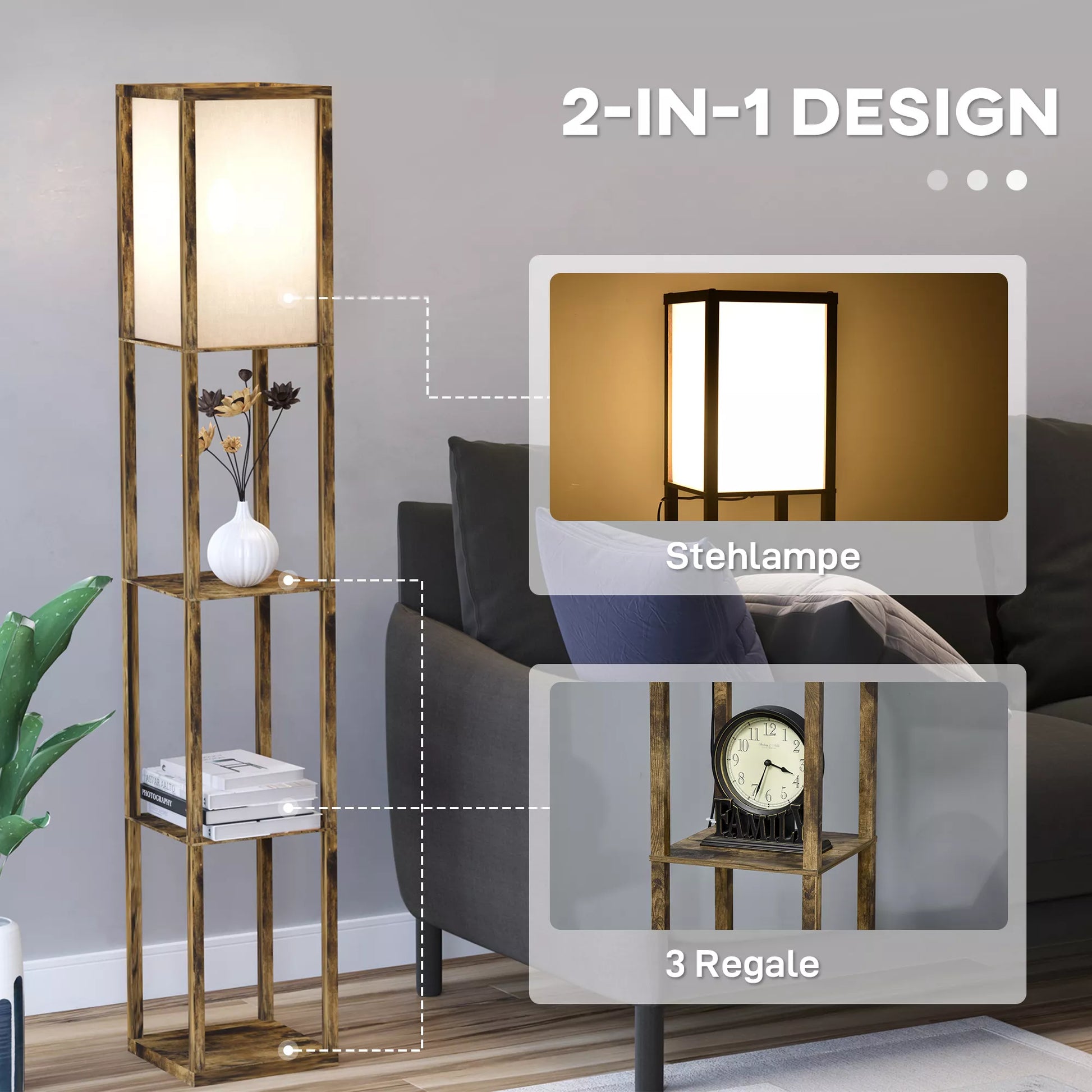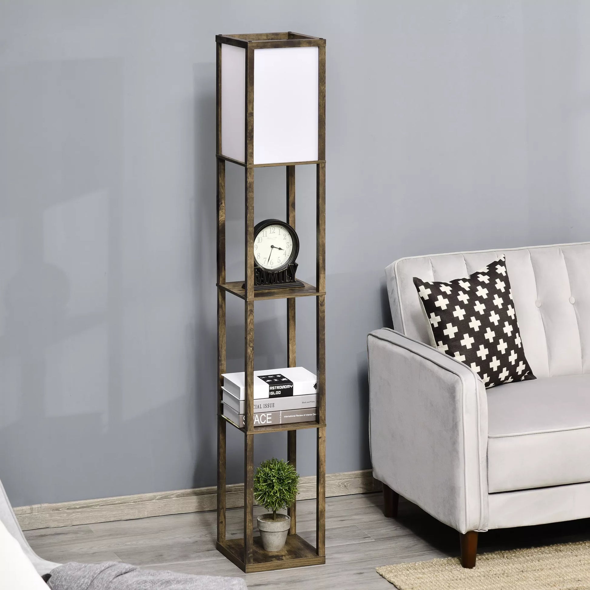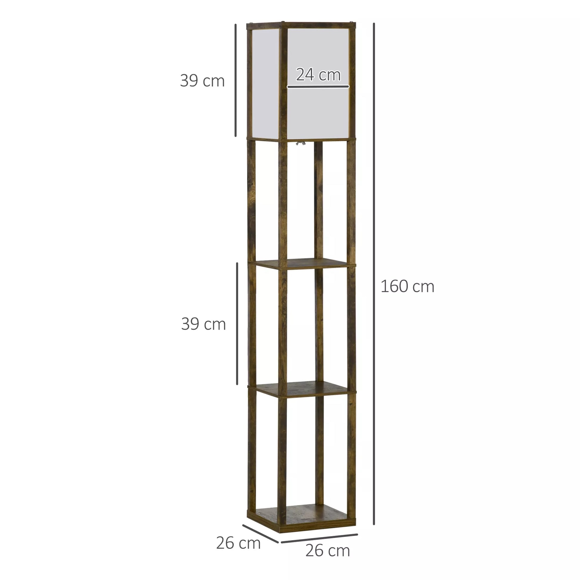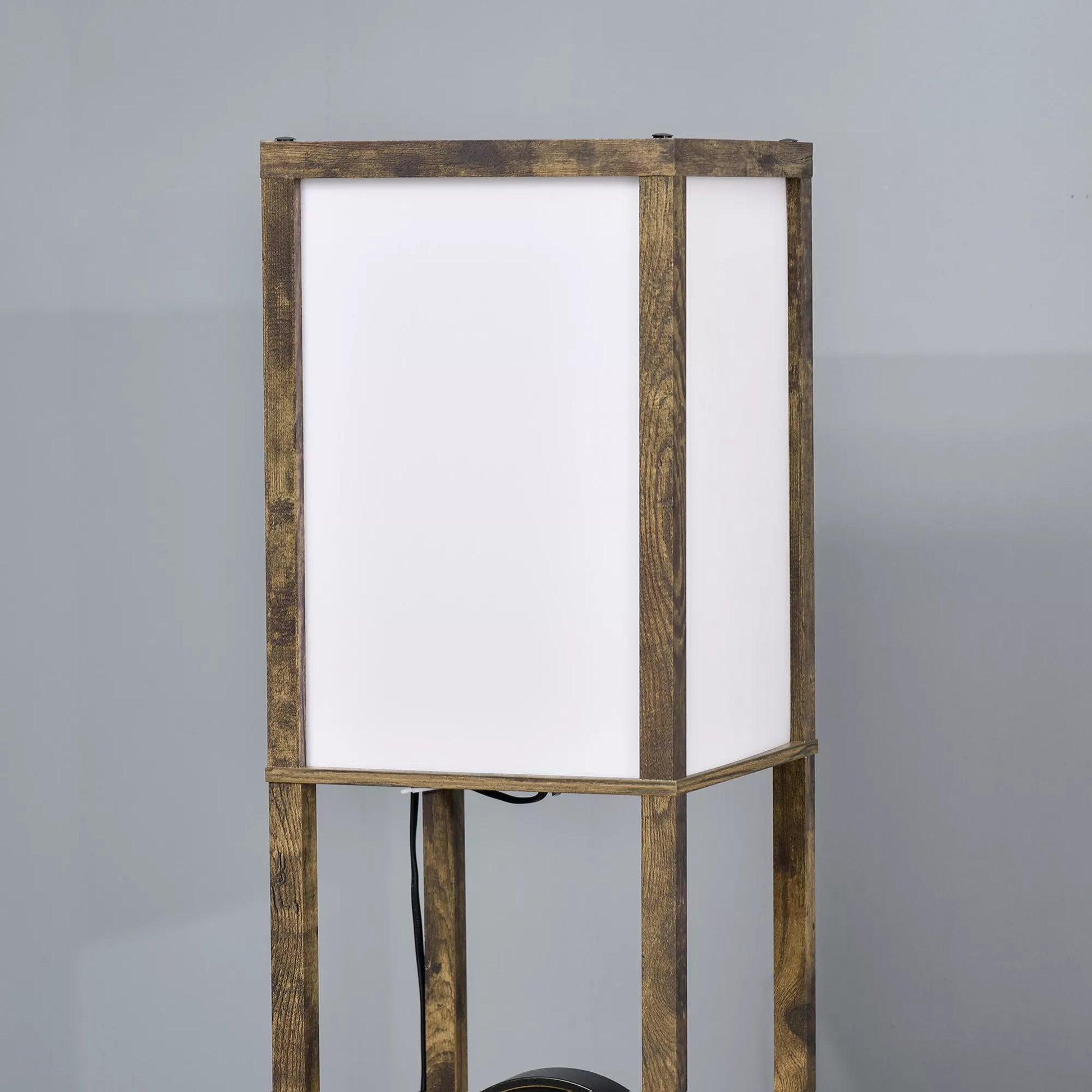 Pastelė lemputė su lentynomis, medinė grindų lempa, 26 x 26 x 160 cm, skirta svetainei/miegamajam (be lemputės)
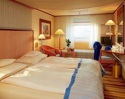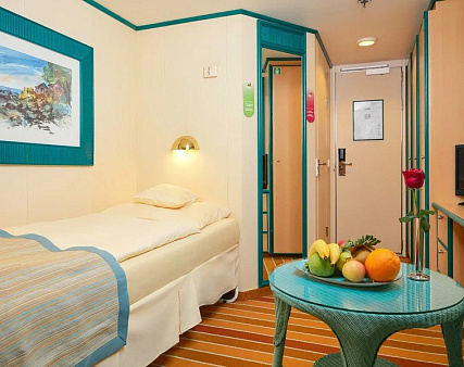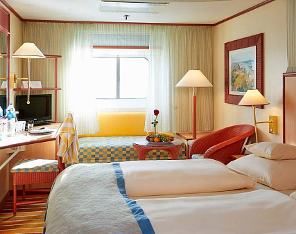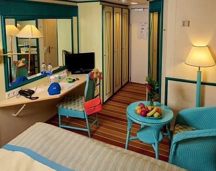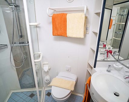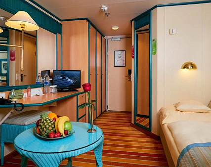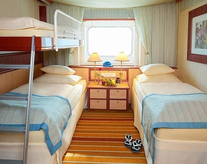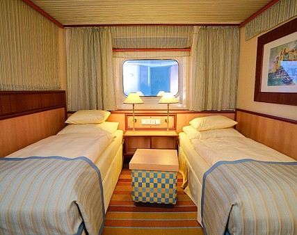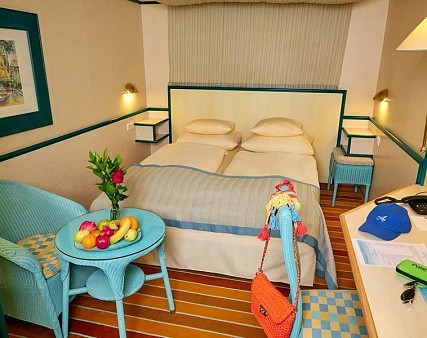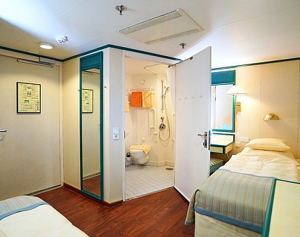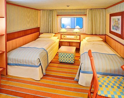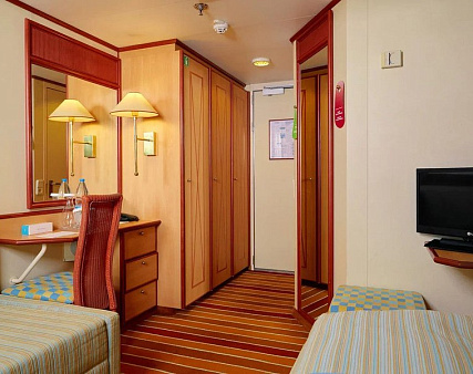 В каюте: окно с загороженным видом (шлюпкой или конструкцией лайнера), две односпальные кровати, кондиционер, гардероб, телевизор, телефон, фен, сейф, халаты, увлажнитель воздуха. Ванная комната с душем и туалетом.
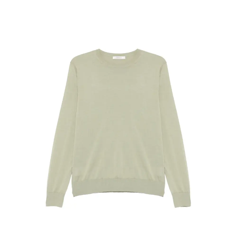 зеленый свитер с круглым вырезом, длинными рукавами, вязаной резинкой на манжетах и по низу
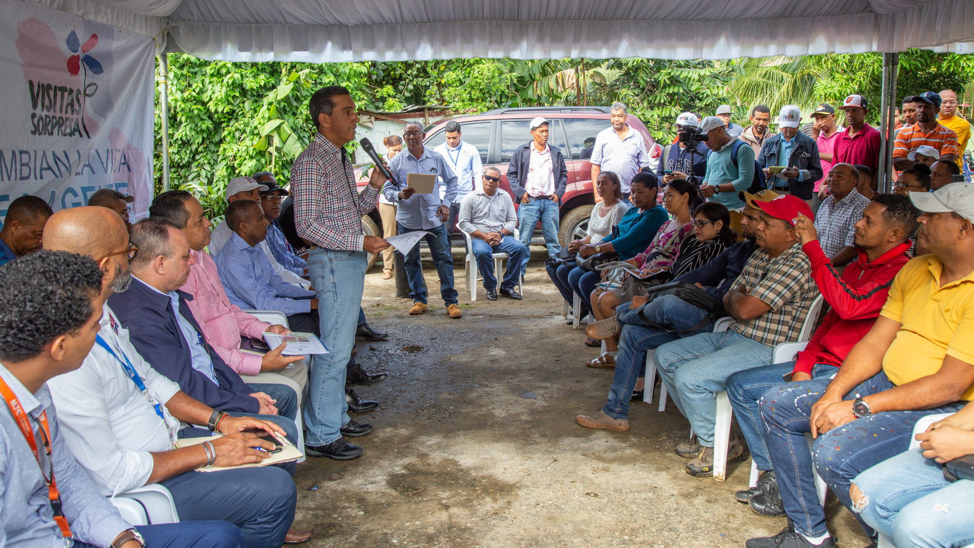 Reunión de seguimiento a la Visita Sorpresa 280, encabezada por Juan Pumarol, viceministro de Producción y Desarrollo Comunitario de la Presidencia, con productores y comunitarios de San Felipe Abajo, en Pimentel, provincia Duarte.
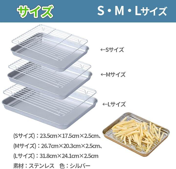 「商品詳細」サイズ:(Sサイズ)23.5cmx17.5cmx2.5cm、(Mサイズ):26.7cmx20.3cmx2.5cm、(Lサイズ):31.8cmx24.1cmx2.5cm 素材:ステンレス 色:シルバー サイズバリエーション:Sサイズ、Mサイズ、Lサイズ

* * *

→ Instructions for the task
From the first line to the last, write out the data above exactly. Omit the pictures.

→ Expected output
 Pastelė lemputė su lentynomis, medinė grindų lempa, 26 x 26 x 160 cm, skirta svetainei/miegamajam (be lemputės)
 В каюте: окно с загороженным видом (шлюпкой или конструкцией лайнера), две односпальные кровати, кондиционер, гардероб, телевизор, телефон, фен, сейф, халаты, увлажнитель воздуха. Ванная комната с душем и туалетом.
 зеленый свитер с круглым вырезом, длинными рукавами, вязаной резинкой на манжетах и по низу
 Reunión de seguimiento a la Visita Sorpresa 280, encabezada por Juan Pumarol, viceministro de Producción y Desarrollo Comunitario de la Presidencia, con productores y comunitarios de San Felipe Abajo, en Pimentel, provincia Duarte.
 「商品詳細」サイズ:(Sサイズ)23.5cmx17.5cmx2.5cm、(Mサイズ):26.7cmx20.3cmx2.5cm、(Lサイズ):31.8cmx24.1cmx2.5cm 素材:ステンレス 色:シルバー サイズバリエーション:Sサイズ、Mサイズ、Lサイズ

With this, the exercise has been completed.